Someone must have told the geese that there was a hard freeze coming tonight. All day, their echoing song carried them southward in glorious Vs. I thought about their destination. I wondered why so many humans decide to stick out the winter up here, as I remembered what swaying palm trees look like and the warm blue-green water of the gulf of mexico. It was cold all day, and a passing storm cloud rained on us for several hours. Cold and wet. Picking beans on our knees.
Glancing up from the fields, though, to gaze at the geese in the dramatic sky, cradled by orange trees shedding their leaves gently into the drifting breezes, I was reminded why October is my favorite month. There's nothing else like it, really.
We harvested lettuce, chard, the last of the green beans, and the last of the (tiny) eggplants.
We spent the afternoon covering all of our remaining crops with frost-cloth.
Dust from months of storage in the barn shook off into my face. We rolled out the giant balls of cloth down the paths, then pulled & stretched them across the rows.

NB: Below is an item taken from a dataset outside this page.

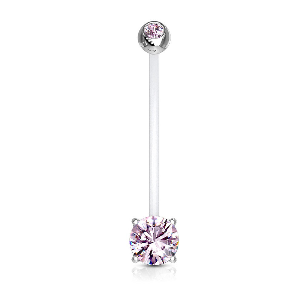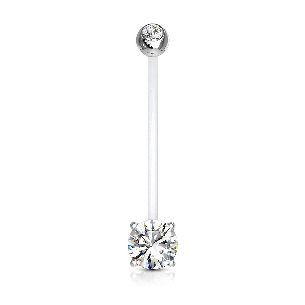 Double Jeweled Prong Set Round CZ Crystal Pregnancy Maternity Bioflex Belly Button Ring - Stainless Steel

I felt like we were putting the beds to bed. Tucking them in, the sides lined with sandbags against windy gusts. The white cloth reflects the afternoon sun into my face. Now the farm is more ocean-like. Large seas of green rye... (this will not be harmed by the frost). And large seas of white now too. Like in the spring, when we got started here.
After work I picked the rest of the dry beans from my trellis. Most of them were still green, not completely dry. But I will cook these up as "shelling beans"... they will boil just like dry beans, and be even more tender. Black beans, scarlet runner beans, lima beans. Oh, and the last harvest of purple long beans. I picked frantically, the sun setting quickly & the cold creeping in. The clouds had cleared and the crescent moon rose. This means even colder-- it could get down to the 20s.

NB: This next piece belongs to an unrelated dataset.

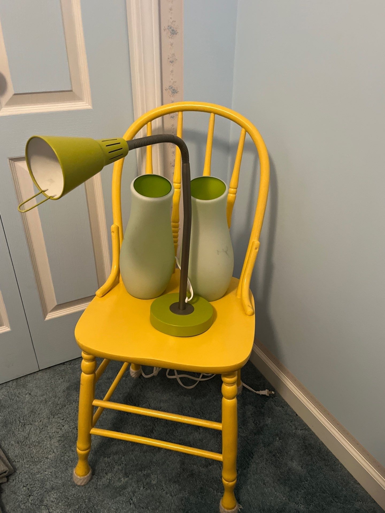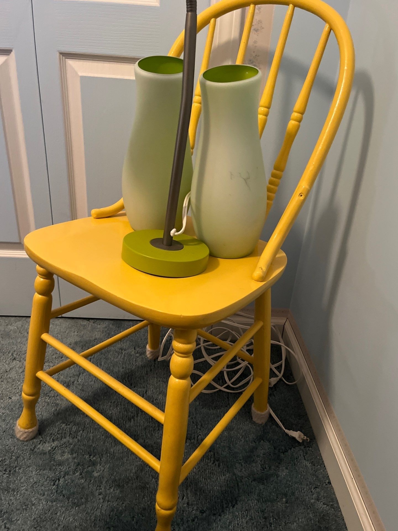 Vintage Yellow Chair with one pedestal light and 2 matching green side table lamps
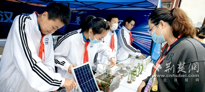 “太阳能板供电后,生态池的水泵可以把水抽上来过滤,实现水循环。”晴川初级中学学生喻诗琪说。“我这个是手摇式的,发电方式不同,都是为了改善水质。”陈乐棋同学在旁补充,左手还在不住地摇着。

I wondered what it would be like to watch the frost settle on the leaves. I know in the morning what it looks like. And then when the sun comes out a few hours later, the wilty brown-black that the plants turn. It is a sad thing.
As twilight crept into night, I ran down to the tomato rows, composting themselves in the field, rotten red ornaments hanging on crispy brown vines. There were a few green tomatoes left, I picked a bucket of them, maybe I will preserve them or fry them! Tomatillos, too. I will make a salsa & freeze it probably. I just couldn't bear to see all this summer disappear overnight. So one last bold attempt to squirrell away food for the winter.

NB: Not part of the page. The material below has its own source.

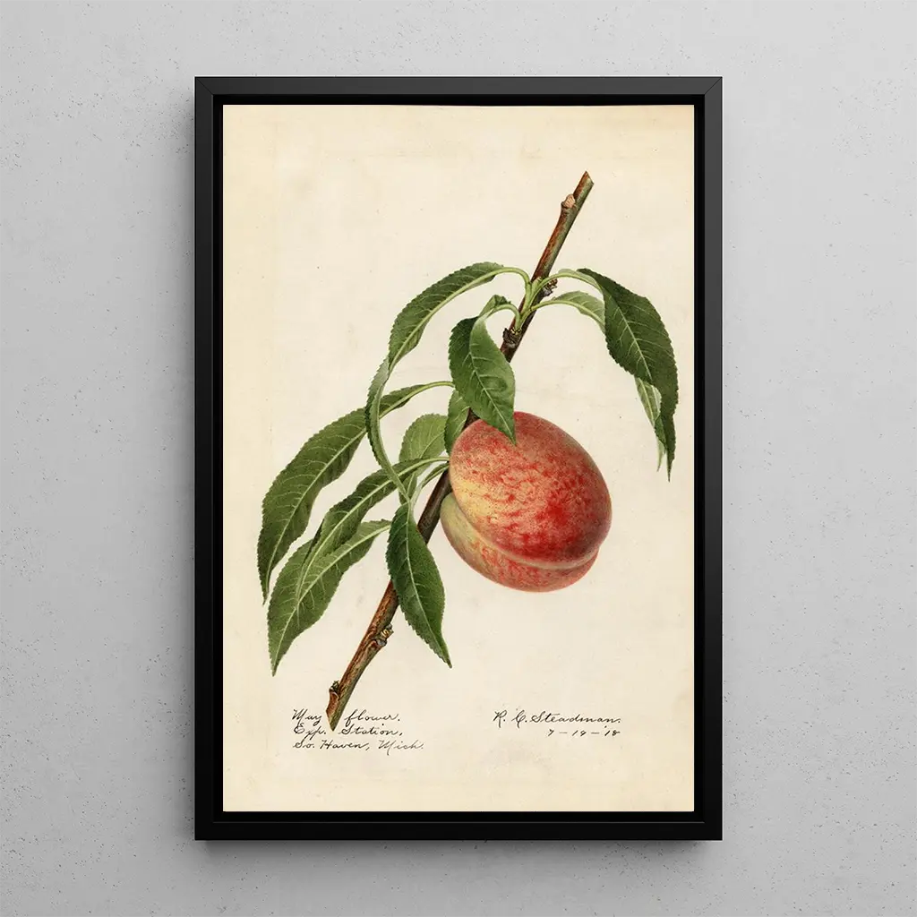 De kunstdruk Prunus persica Mayflower roept de magie op van bloeiende perziken, waar pastelkleuren zich verweven om een betoverend schilderij te creëren. De delicate nuances van roze en wit ontvouwen zich gracieus, terwijl ze het licht van een lentedag vangen. De gebruikte techniek, zowel nauwkeurig als expressief, laat de zachtheid van de bloemblaadjes en de frisheid van de knoppen voelen. Dit werk nodigt uit tot een rustige contemplatie, en herinnert aan de vergankelijke schoonheid van de natuur in volle bloei.

I turned the heat on in my house finally.
In other news...
I bought the greenhouse! I now own a 28' by 48' growing castle with a fuel-oil heater. It even came with the tables. Now the task of dissassembling it, trucking it back to Rochester, and reassembling it on some as-yet-undecided piece of property.
I spent last weekend looking at other land options. Nothing definite yet, but good options.
I'll keep you posted.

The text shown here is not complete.